This weekend I wrote an image processing routine that uses machine learning methods to classify fossil shark teeth from my collection.
Some of my favorite early childhood memories involve wandering up and down a the beach in Venice, FL, searching for fossilized shark teeth for which the region is known:
Over the years, my collection has grown to roughly 10,000 full or partial teeth, which are roughly sorted by morphology or, by proxy, species. Sorting the teeth by eye is not entirely trivial, particularly because of various subspecies and close relatives that have large variations in tooth shape, and because the shape of teeth from a particular species of shark will vary depending on their location in the mouth. However, because I already have a large set of teeth pre-classified, I thought I would use my collection as an opportunity to play with Python’s scikit-learn library for machine learning, to see if algorithmic methods might identify patterns or distinctions that I am missing or neglecting when I sort the teeth by eye.
My manual classification is based on the guides to each shark available on the University of Florida website, augmented by additional photos available on a now 404’d website I used to access when I was younger and first initiated the collection:
Generation of image outlines for classifier
I first drew a 1″ x 1′ grid on a piece of white paper and placed around 54 teeth within the resulting 9 x 6 grid, taking care to space them as evenly as possible. I took a quick image of this array with my iPhone, taking care to square the corners of the viewing frame with the page, which conveniently has the same aspect ratio as the page, allowing me to both minimize tilting/rotation and to enforce the same scale for all images without using a tripod.
I processed the resulting images through imagesplitter, allowing me to divide the grid into separate images for each shark tooth.
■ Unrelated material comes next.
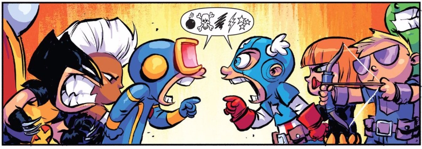 Still, I was surprised at how well the plot works too. An escalating series of petty pranks and competitions continually drives the rivalry between the Avengers and the X-Men — it’s simple, but incredibly effective at escalating the conflict to greater and greater heights throughout the issue. It feels like Little Rascals meets Ed, Edd and Eddy meets Lil’ Gotham, and it couldn’t be more delightful.

There are probably fancier ways of creating separated segmented images for each tooth that don’t involve aligning them in a grid or splitting the images (MATLAB’s bwlabel() function comes to mind), but I didn’t mind having separate images for each tooth in case they come in handy for a later project.
I took the resulting image series for each species and opened them in Fiji (Fiji is just ImageJ) as a stack. While most operations for which ImageJ/Fiji are commonly used can be done easily without a GUI in MATLAB, I like using a GUI for stacks because it’s easier to preview the effect that operations have across the entire stack. For other projects, whenever I’ve needed to something fancier than a standard segmentation or tracking I’ve found it easier to write a Java program to run in Fiji than to go down the rabbit hole of opening and processing stacks of images in MATLAB, which never quite performs as smoothly as I would expect.
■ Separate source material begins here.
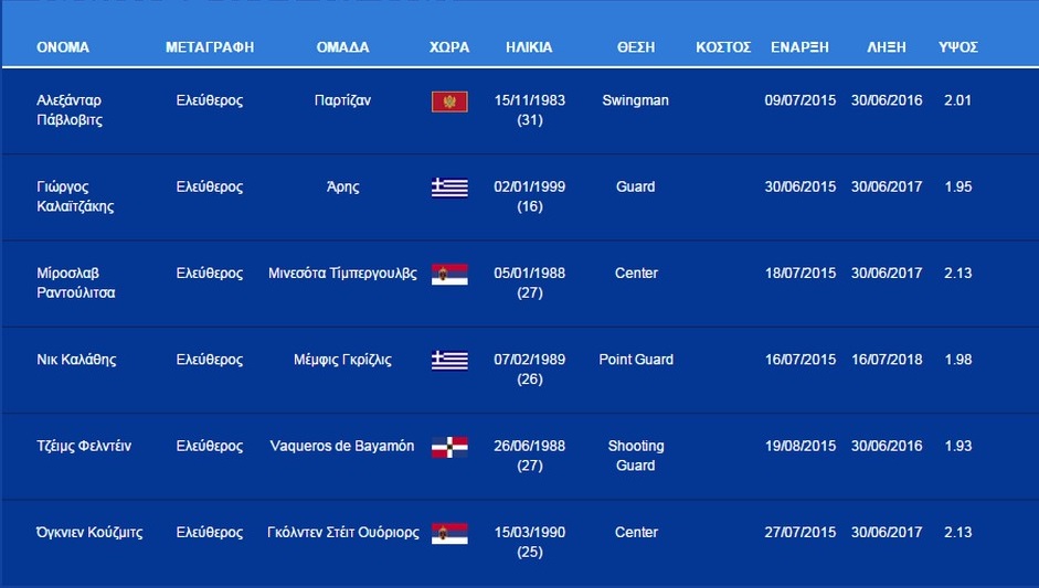 Έφυγαν: Νέλσον, Σλότερ, Μπλουμς, Μαυροκεφαλίδης, Μπατίστα, Διαμαντάκος, Μόργκαν, Κούπερ

For the teeth that have left or right crooks, such as tiger shark teeth, I went through and manually flipped the images of teeth pointing the other direction, since nothing I’ve read suggests that teeth with a given chirality have other distinct features that would be useful to the classifier—the orientation just depends on which side of the shark’s mouth the tooth originally came from (a quick lookover confirms that I appear to have roughly equal numbers of left and right pointing teeth—apparently ancient sharks didn’t preferentially chew on one side)
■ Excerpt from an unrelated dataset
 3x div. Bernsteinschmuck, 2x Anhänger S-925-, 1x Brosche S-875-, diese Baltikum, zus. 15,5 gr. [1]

I then performed rigid registration (rotation/scaling/translation) of the binary images for each species onto one another using the “StackReg” module that comes built-into the Fiji “registration” toolkit. I cropped the resulting images to a square in order to simplify resizing and stacking. The sequences registered images end up looking like this:
In a sense, I am already passing the classifier much more information than it needs to know, since the boundary of the segmented region is the only feature that contains information in the images.
For this project, I thought I would try both a supervised and unsupervised classification approach. Since I already have approximate classifications for the teeth based on my manual sorting (by shape) over the years, I can label each set of segmented images with a candidate species, train a classifier, and then apply the resulting regression to a couple of new images of teeth to see if the classifier agrees with my best guess.
The more intriguing aspect of the project is determining whether the code can work out distinctions itself given an unlabeled set of teeth from multiple species. This would give me an idea of just how distinctive the different morphologies really are, and it could reveal the presence of other species with similar looking teeth that I’ve been mis-classifying because they look so much like other species.
Perhaps unsurprisingly, even basic Naive Bayesian classification performed extremely well for this image set, even for similar tooth morphologies (in incisors of bull shark teeth look very similar to those of dusky sharks, yet the classifier was miraculously proficient at discerning them. I’d estimate an accuracy of about 96% for the collection of teeth I processed today.
Update 1/4/2015: I recently made this website, which features images (with scale bars!) of all the pieces in my fossil collection, including these shark teeth.